Here's an exceptional rarity: a large, sweeping art history text book so well-done it almost makes the reader wish she or he were back in school. It's rather amazing that it took so long for a book like Art Since 1900: Modernism, Antimodernism, and Postmodernism
to exist: a balanced, seven hundred page historical tome written with multiple perspectives in mind. As any undergrad knows, H.W. Janson's ubiquitous History of Art
was written as if art history were some sort of race to colonize ideas and imagery; you'll likely not miss Janson's fetish for pointing out who did what first. Penned by a nimble crew who all teach at Ivy League universities, Art Since 1900
, which mirrors the development of psychoanalysis and the creation of a huge international art scene, is on a smaller scale a history of contemporary theory and the art world almost as much as it is the art itself. Attention is paid throughout to important exhibits and texts, pointing out the rippling effect throughout the art community of these mirrors and portals. The book is arranged so that there are one or two essays per year. In such a novel format, often undervalued movements are given as much respect as Cubism and Minimalism. There are entire chapters here on Fluxus, feminist art, the Assemblage movement, Lettrism, the Independent Group, Gutai, Kineticism, the Harlem Renaissance, Aktionism, earthworks, video art, and the aesthetics of ACT UP. As with any history, there are personalities whose works are emphasized over that of others; the scant attention given to Jean-Michel Basquiat, for instance, is a rather large question mark. Quibbles aside, it's a very important, and nearly immaculate, work. --Mike McGonigal
Images from Art Since 1900
From Publishers Weekly
This history, coming soon to a college survey class near you, is like the period of art it covers: as often obscure and frustrating as it is dazzling and insightful.
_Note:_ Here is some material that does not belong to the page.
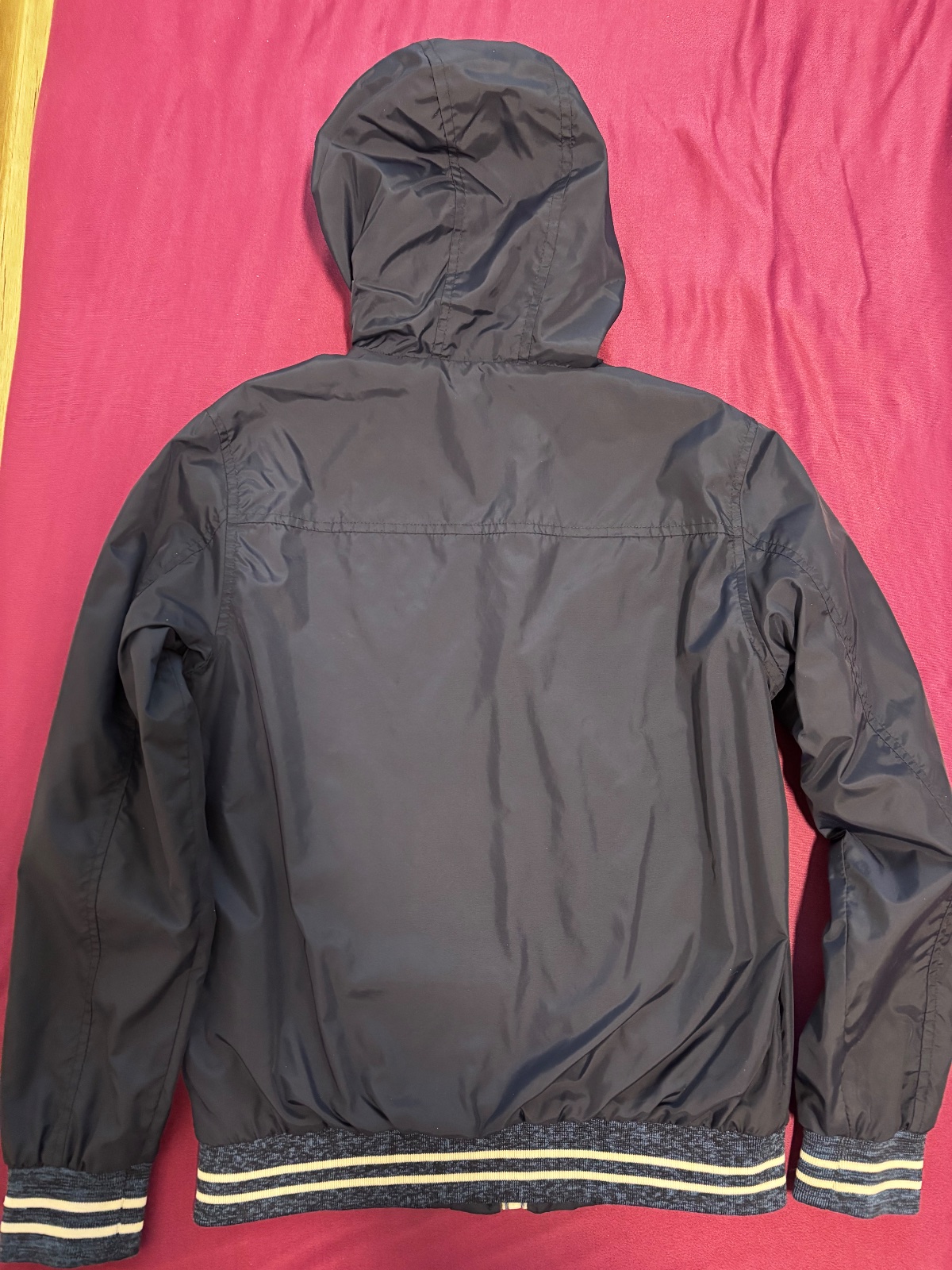 Vetrovka vo velmi dobrom stave, bez poškodenia, podšita látkou, na prechodne obdobie. Dĺžka 57 cm, šírka 45 cm, rukáv od kapucne 66 cm.
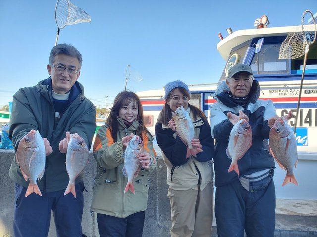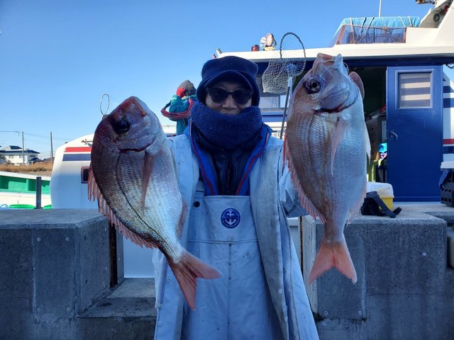 (チダイ)26~37cm 7~19匹 ヒラメ 1.50kg 合計1匹 2024年最終日冷たい北風の吹く中出船、ポイントに着きまずは花鯛で時間になり投入し型が出るまで少し時間がかかりこまめに竿を動かしていた人は15匹前後花鯛が釣れたのですが寒いせいか竿を動かさない人は10匹以下と言うような釣果で前日よりは良くありませんでした、後半の一時間半ぐらいヒラメをやったのですが前日より潮が濁ってしまい型だけでした、皆さん寒い中どうも有り難う御座いましたまた宜しくおねがいします。・29日の釣果(花鯛・8~25匹・24~38㎝・ヒラメ・0~3匹・0.5~1.4㎏)・2025年1月は3日(金)より出船します問い合わせお願いします。・3日(金)花鯛ヒラメで出船予定。・4日(土)花鯛で出船予定。・5日(日)花鯛ヒラメで出船予定で他の曜日も予約が入れば花鯛・ヒラメ・テンヤ真鯛どちらでも出船しますので問い合わせおねがいします。

The authors, four prominent art history professors, offer a work that is beyond reproach with regard to thoroughness and accuracy but, despite the rich pageant of ideas on parade, they rarely illuminate their subject with even the faintest spark of excitement. Art is presented as a series of problems (the problem of figuration, the problem of post-colonialism, the problem of history), as if the ideas behind art were interchangeable with art itself. Painter Paul Gauguin, for example, is dissected solely in terms of his ill-conceived notions of the primitive purity of non-Western cultures, which is a bit like judging a fine meal only by its cholesterol content. The book's rigorously academic prose often sounds like a debate the reader has happened into the middle of: e.g., "Any attempt to transform autonomy into a transhistorical, if not ontological precondition of aesthetic experience, however, is profoundly problematic." Despite these defects, the volume manages to be fast moving thanks to its snappy format-107 short chapters, each broken up by subheadings, illustrations and sidebars-and it cannot fail to impress through the sheer vigor and profusion of the ideas on display, from Cubism to Chris Burden. Indeed, the book is a kind of intellectual tilt-a-whirl, with no comforting H.W. Janson-style master narrative at its center. The authors leave their own authority in deconstructed shards in the first paragraph of the introduction, which invites readers to arrange the book's "puzzle pieces" according to individual need. It may be a lively ride to those already familiar with its terms, but to the uninitiated, this book will likely remain a series of broken conversations.